BACK TO RESEARCH REVIEWS

EmailFacebookTwitterLinkedIn

Authors Sandblom G, Varenhorst E, Rosell J, Lofman O, Carlsson P.

Review Date Apr 2011

Citation BMJ Mar 31;342:d1539. doi: 10.1136/bmj.d1539 (online before print)

 

Background

The debate about the effectiveness of prostate cancer screening with PSA testing continues, with conflicting data on whether screening significantly reduces prostate cancer mortality and debate on whether the risks of over-diagnosis and overtreatment are outweighed by any mortality benefits. One of the difficulties is that many studies have had relatively short follow-up periods. This is the first study to publish 20-year data.

 

Aim

To assess whether screening for prostate cancer reduces prostate cancer specific mortality.

 

Methods

Design: Population-based randomised controlled trial.
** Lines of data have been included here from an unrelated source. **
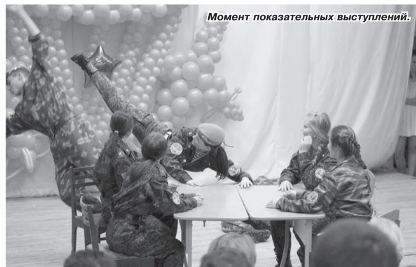
Момент показательных выступлений.
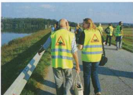
Varnostni brezrokavniki z vidro v prometnem znaku so upočasnili marsikatero vozilo - če ne drugega, iz radovednosti voznika.
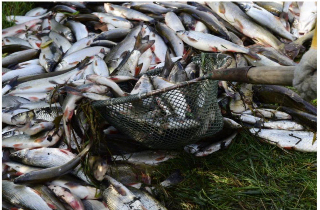
Obrázek 5 Vytažené mrtvé ryby po havárii
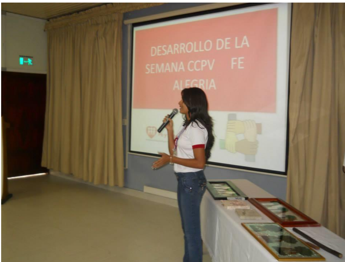
Semana CCPV 2016
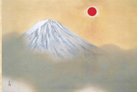
横山大観「乾坤輝く」昭和15年(1940) 足立美術館蔵
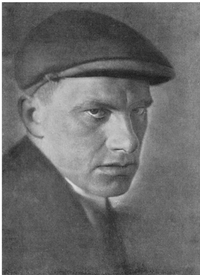
В. МАЯКОВСКИЙ Фото 1923 г.
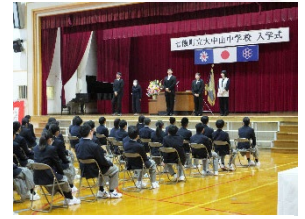
入学式の様子(左)と1年団紹介(右)
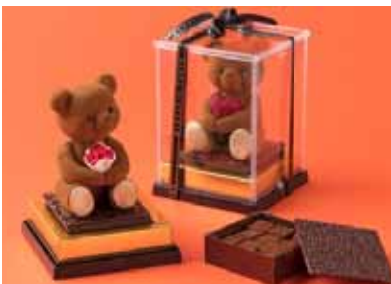
ルワンジュ トウキョウ 「NOUNOURS/ヌヌース 全3種」 ¥7,560~¥16,200 (高さ約12cm) キュートなテディベアを模したチョコレートの下に、シャンパンショコラのギモーヴが並んでいます。
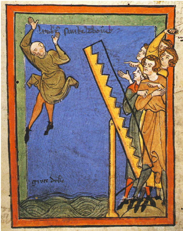
1300-luvun lopun maalaus "leipurinkasteesta".
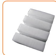
ドライアイス(1回分)
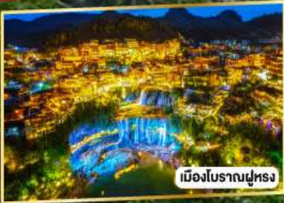
เมืองโบราณฝูหลง

เฟิ่งหวง ฝูหลงเจิ้น มนตร์งลิ่งแห่งขุนเขา และเมืองโบราณ 5 วัน 4 คืน
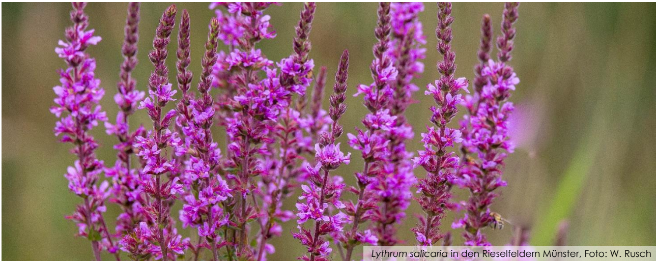
Lythrum salicaria in den Rieselfeldern Münster

Liebe Staudenfreundinnen, liebe Staudenfreunde,
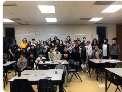
日本文化紹介集合写真⑤
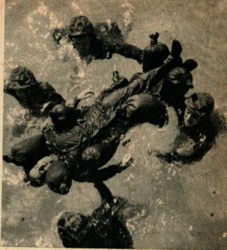
Dans un exercice de sauvetage, les recrues apprennent à faire flotter les victimes sur des flotteurs faits de pantalons noués.

le corps-à-corps; pratique le judo, le combat au couteau et à la baïonnette. Il descend sur des filets accrochés à une tour de 12 mètres, ou charge en partant d'un chaland de débarquement. Sur le terrain d'exercice, le rythme ne ralentit pas et les brimades sont planifiées. Si une recrue ne pivote pas sur le pied convenable, on lui marche sur le pied : « Maintenant, tournez sur celui qui fait mal », grommelle l'instructeur.
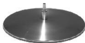
Fuß 27 Teller Edelstahl

Setting: Department of Urology, Norrköping, and the South-East Region Prostate Cancer Register

Participants: All men aged 50-69 in the city of Norrköping, Sweden, identified in 1987 in the National Population Register (n=9026).

Intervention: From the study population, 1494 men were randomly allocated to be screened by including every sixth man from a list of dates of birth. These men were invited to be screened every third year from 1987 to 1996. On the first two occasions screening was done by digital rectal examination only. From 1993, this was combined with prostate specific antigen testing, with 4 µg/L as cut off. On the fourth occasion (1996), only men aged 69 or under at the time of the investigation were invited.

Main Outcome Measures: Data on tumour stage, grade, and treatment from the South East Region Prostate Cancer Register. Prostate cancer specific mortality up to 31 December 2008.

 

Results

In the four screenings from 1987 to 1996 attendance was 1161/1492 (78%), 957/1363 (70%), 895/1210 (74%), and 446/606 (74%), respectively. There were 85 cases (5.7%) of prostate cancer diagnosed in the screened group and 292 (3.9%) in the control group.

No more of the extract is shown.